In Hodgin v. UTC Fire & Sec. Americas Corp., No. 17-1222, 2018 WL 1308605, at *1 (4th Cir. Mar. 14, 2018), the Fourth Circuit upheld the district court’s grant of summary judgment in favor of UTC Fire & Security Americas Corporation, Inc. (“UTC”) and Honeywell International, Inc. (“Honeywell”) on claims that UTC and Honeywell were vicariously liable for TCPA violations committed by telemarketers selling their home-security products. The court agreed there was no evidence that either UTC or Honeywell had ratified the illegal telemarketing practices – either by failing to object or retaining the financial benefits of the allegedly illegal call campaigns.

Hodgin was one of seven class action lawsuits consolidated by the Judicial Panel on Multidistrict Litigation in the Northern District of West Virginia, and which alleged that home-security retailers violated the TCPA by making illegal telemarketing calls. The class plaintiffs further alleged that UTC and Honeywell, manufacturers of the home-security systems, should be held vicariously liable for calls made by Versatile Marketing Solutions, Inc. (“VMS”) and ISI Alarms NC, Inc. (“ISI”), retailers that (respectively) purchased UTC and Honeywell manufactured home-security systems from third-party distributors and engaged in illegal telemarketing to sell the systems to consumers. VMS and ISI had both entered into agreements with the manufacturers that permitted the retailers to use UTC/Honeywell’s trademarks and logos, but also required the retailers to comply with applicable telemarketing laws and also barred the retailers from holding themselves out as agents or employees of UTC/Honeywell.

Both UTC and Honeywell had received notice that the retailers had engaged in illegal telemarketing practices, including multiple complaints from individual consumers. Both manufacturers followed-up with the retailers, eventually terminating their relationships with them. For example, whenever UTC received a complaint, it would investigate the complaint, inform VMS of the grievance, and remind VMS that it was contractually obligated to comply with applicable telemarketing laws. When UTC continued to receive complaints after repeated warnings, it terminated its relationship with VMS.

The district court had found that UTC/Honeywell could not be held liable on any of the three agency (vicarious liability) theories: (1) actual authority, (2) apparent authority, or (3) ratification. On appeal, the plaintiffs pursued only one theory, arguing that a material issue of fact existed as to their ratification theory. In particular, plaintiffs argued that UTC/Honeywell had ratified the retailers’ TCPA violations by failing to repudiate their telemarketing practices after receiving notice, and by accepting the financial benefits of the illegal telemarketing.

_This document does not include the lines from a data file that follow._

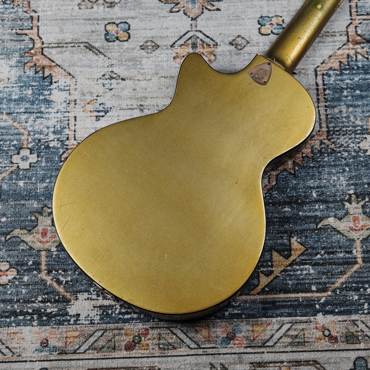 Finished in metallic gold, this example has aged graciously, acquiring super unique patina and checking wear throughout. The tuners and tailpiece are non-original, but have been replaced with period and model correct parts. Throaty and mid-focused unplugged, this example really shines plugged in, benefitted by a low-output and vastly characterful pickup.
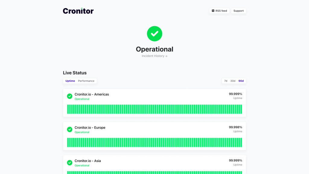 Le pagine di stato di Cronitor sono semplici, veloci e sono dotate di monitoraggio attivo integrato. Ciò significa che puoi impostare il monitoraggio del tempo di attività per i tuoi siti Web e le tue API e anche creare la tua pagina di stato utilizzando un unico servizio.
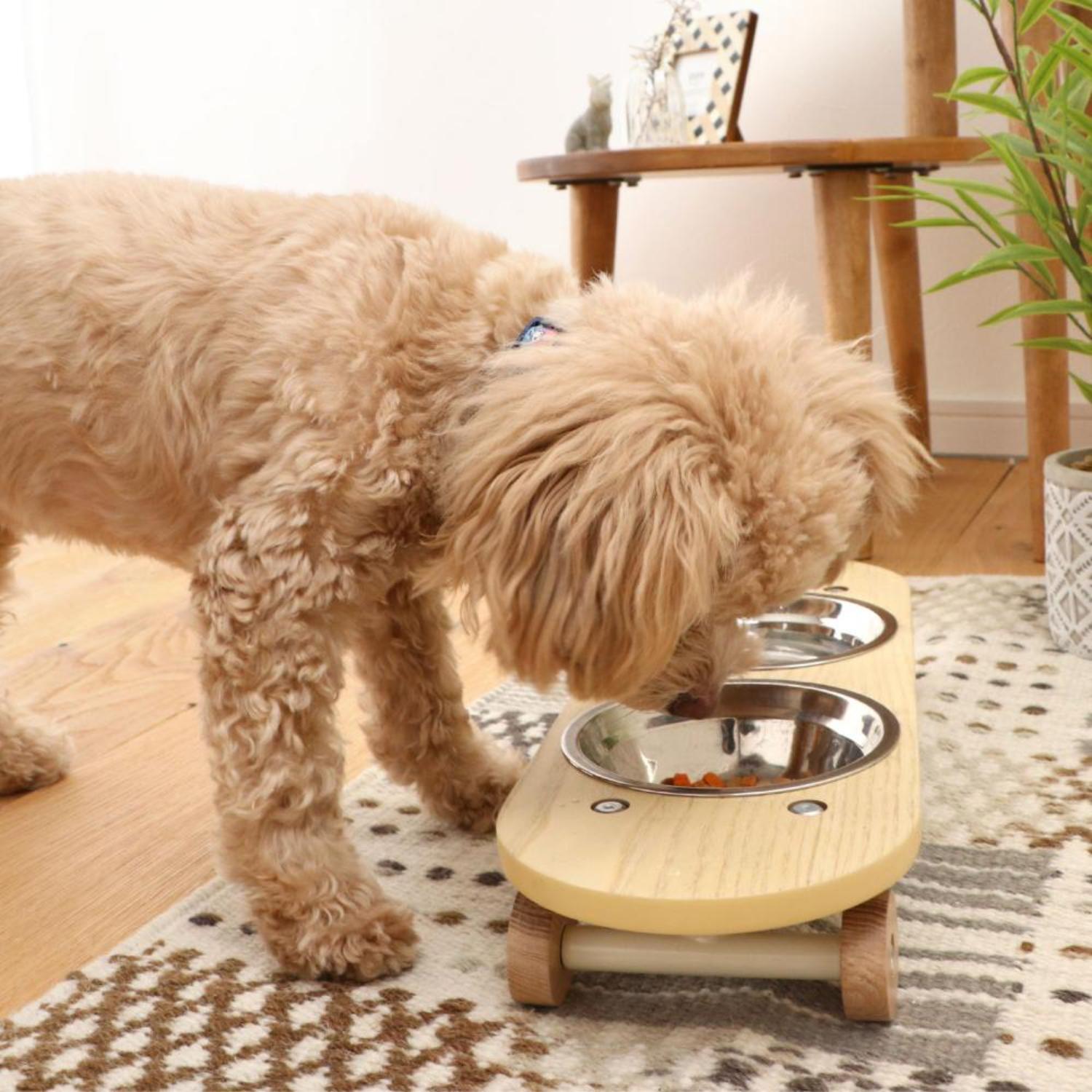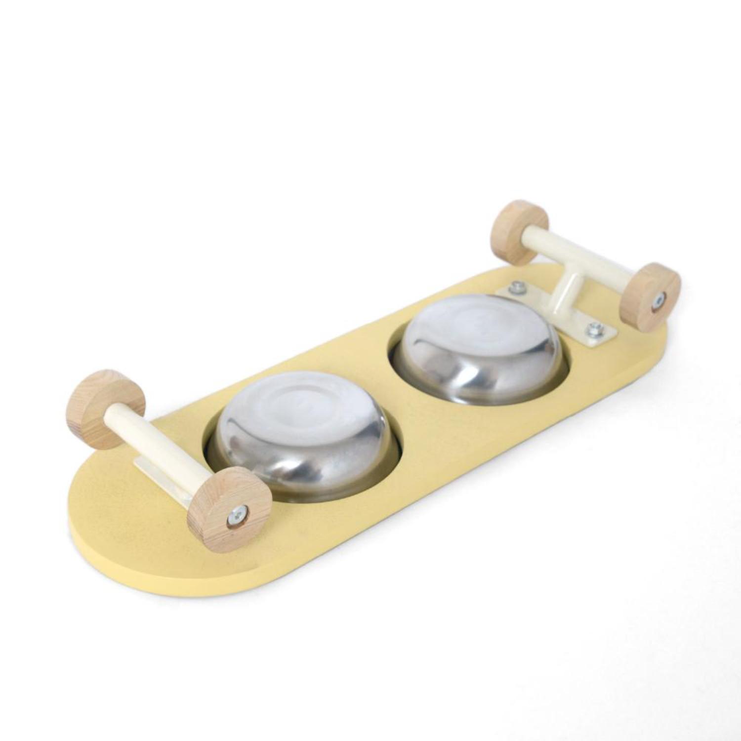 遊び心くすぐるスケボー風エサ皿。 ●フェイクタイヤで、動かないから安心 ●お皿はステンレスで取り外し可能。お手入れも簡単。 ●小サイズと大サイズの2サイズ展開。小は小型、大は中型~大型犬用。ネコも可。

The Fourth Circuit ruled that the ratification theory was not supported by the evidence. First, the court observed that the manufacturers’ follow-up efforts – including investigating the complaints, reminding the retailers of their legal obligations, and eventually terminating the retailer agreements – were sufficient to show repudiation. Second, the court found that the mere fact that UTC/Honeywell had financially benefitted (by selling home-security products to the telemarketers) was insufficient to establish ratification. Plaintiffs had failed to offer specific evidence that the illegal telemarketing scheme had increased sales of the home-security products. This ruling appears to limit the oftentimes amorphous concept of ratification. The Fourth Circuit thus affirmed the district court’s grant of summary judgment on the vicarious liability claims.

Practice Pointer: Hodgin is good news for upstream manufacturers and distributors concerned about TCPA liability arising from the conduct of loosely-affiliated third-party dealers, retailers, resellers, and marketers, over whom they typically have little control. Hodgin shows that, so long as manufacturers and distributors (1) include contractual provisions that make clear downstream sellers must abide by the TCPA; (2) take reasonable steps to investigate and address any complaints about TCPA violations; and (3) terminate a relationship if complaints are not addressed, they should be able to avoid TCPA liability.